Lipid-binding preferences of aPKCι mutants and model for the effects of Tyr-136 phosphorylation compared to PS disengagement.A, silver-stained SDS-PAGE gel of the Myc-aPKC-2xStrep-Par6 binary complexes purified through 2xStrep-Par6. B, lipid overlay assay using the protein complexes defined in (A). Levels of aPKCι bound to the PIP-strip membrane were quantified using anti-Myc tag antibody.
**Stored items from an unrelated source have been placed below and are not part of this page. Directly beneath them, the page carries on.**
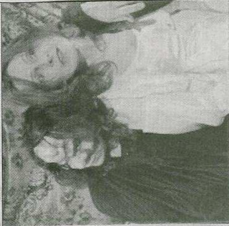
Musique, chant, Comedia dell'arte... Toutes les armes des femmes du théâtre du Petit Matin se déploient dans " Petite, te laisse pas faire ."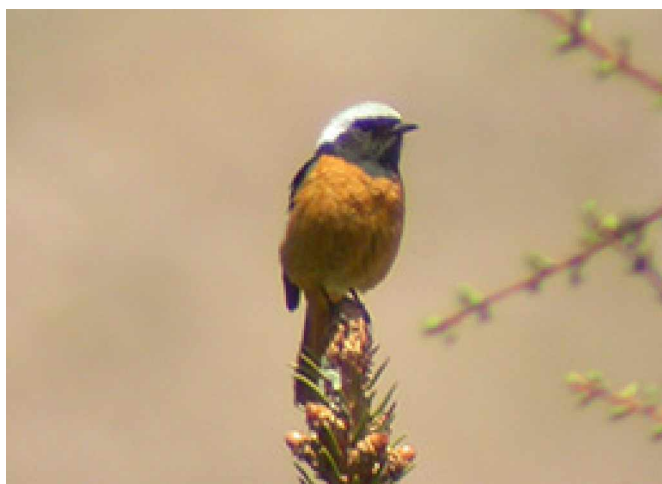
Svartryggad rödstjärt Phoenicurus auroreus

24 maj Tidig uppstigning denna morgon, strax innan gryningen för att leta efter mingtrastar, några sjungande fåglar observerades kring hotellet, senare under dagen sågs även en del individer väl i området, bl.a hittades ett bo. I dalen bakom hotellet hördes åtminstone två koklassfasaner ropa, några större hökgökar likaså. I övrigt samma fåglar som under gårdagen. Avfärd från Wulingshan kring lunchtid för transport till Beijing och hotellet vid flygplatsen. Lite skådning på kvällen utanför hotellet gav en del fina observationer på blåskator. Några indiska gökar hördes och sågs likaså.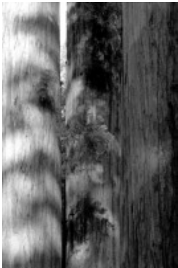
schöne 3er Gruppe, wer ist die Dame ?

Übernachten können Sie in Sequoia auf sieben Campingplätzen (vier davon bieten auch Stellplätze für Wohnmobile) oder in den weichen Betten zweier Lodges. Kings Canyon bietet ebenfalls sieben Campingplätze (alle mit Stellplätzen für Wohnmobile) und zwei Lodges. Die Saison dauert in beiden Parks üblicherweise von Mitte Mai bis Ende September. Während des Winters erreichen Sie über die Rt-180 von Westen aus nur Grand Grove - und Lodgepole Village, der weitere Verlauf hinunter in den Kings Canyon ist dann gesperrt. Kraftstoff bekommen Sie im privaten Silver City Resort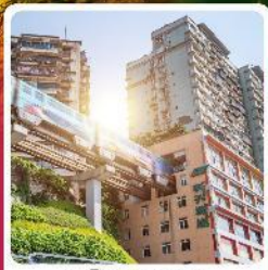
รถไฟฟ้าลูตีก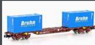
MF33442 CONTAINERWAGEN SGMNSS DB CARGO, EP.VI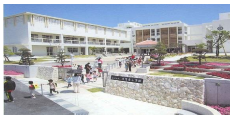
南城市立大里南小学校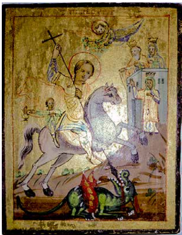
Сл.8. Св.Ѓорѓи, приватна икона на х. Катланови, 1885 г., Скопје, непознати автори, Ерусалимска сликарска школа

Св. Ѓорѓи е еден од најпочитуваните светители во Светата земја и еден од малкуте светители кој во уметноста добил претстави во многубројните епизоди од неговото житие во врска со постхумните чуда што му се припишуваат. Во Источната црква се популарни сцените од неговите миракули: „Св. Ѓорѓи ја убива ламјата“ и „Спасувањето на младото момче од заробеништво“, сл.7. 28 Во мелкитскиот иконопис од втората половина на XIX век, двете иконографии најчесто се споени. Една икона „Св. Ѓорѓи ја убива ламјата и спасува младо момче од заробеништво“ непознат поклоник ја донирал на црквата „Св. Никола“ во Тетово. Иконата е сликана во техника темпера, на гипсен грунд врз штица 29 . Фонот е поделен на два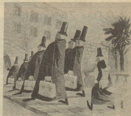
Der Minister ohne Portefeuille

Natürlich, es gibt ja auch zwei Kategorien Spender: solche, die gaben, was sie konnten, und solche, die nicht ganz so viel gaben.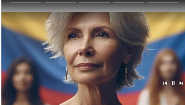
Enlaces Promovidos por Taboola

Además, se le pidió a Caracol Televisión copias de las facturas y pormenores de los servicios que prestó a la campaña , teniendo en cuenta que la campaña pago por publicidad electoral alrededor de $367 millones ; sin embargo, ese pago no fue reportado a las cuentas de la campaña, pero en el expediente sí se encuentra el documento con la factura de Caracol que efectivamente emitió los segundos del comercial de la campaña en su programación.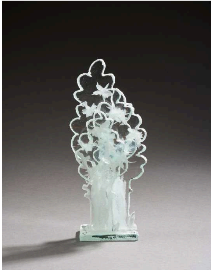
Trois arbres, 2022, verre découpé, sablé, gravé, 30x6x9cm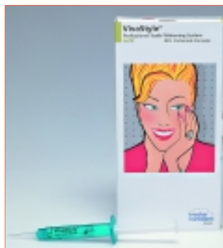
* VivaStyle 30% verspricht eine kurze Behandlungsdauer und schnelle Ergebnisse.

Office-Behandlung dar. Die Applikation des VivaStyle-Gels erfolgt mit Hilfe individuell hergestellter Trays. Während das Gel seine Wirkung entfaltet, kann der Patient entspannt im Wartezimmer sitzen. So steht die Behandlungseinheit in dieser Zeit anderweitig zur Verfügung. Normalerweise ist die Aufhellung schon nach einer Behandlung sichtbar. Entsprechend den individuellen Bedürfnissen können Sie Patienten helfen, die schnell Ergebnisse und eine kurze Behandlungsdauer

C, schematic representation of the impact of mutants and phospho-states of aPKCι. The left panel displays the anticipated consequence of Tyr-136 phosphorylation in the BSL as mimicked by a Y136E substitution, disrupting the continuous membrane binding platform constituted by the PS and C1 domain. The right panel displays the impact of a pseudo-substrate disengaged conformation, mimicked by an A129E substitution which mainly results in relieved auto-inhibition and increased catalysis. BSL, beta-strand linker; PS, pseudosubstrate; PKC, protein kinase C.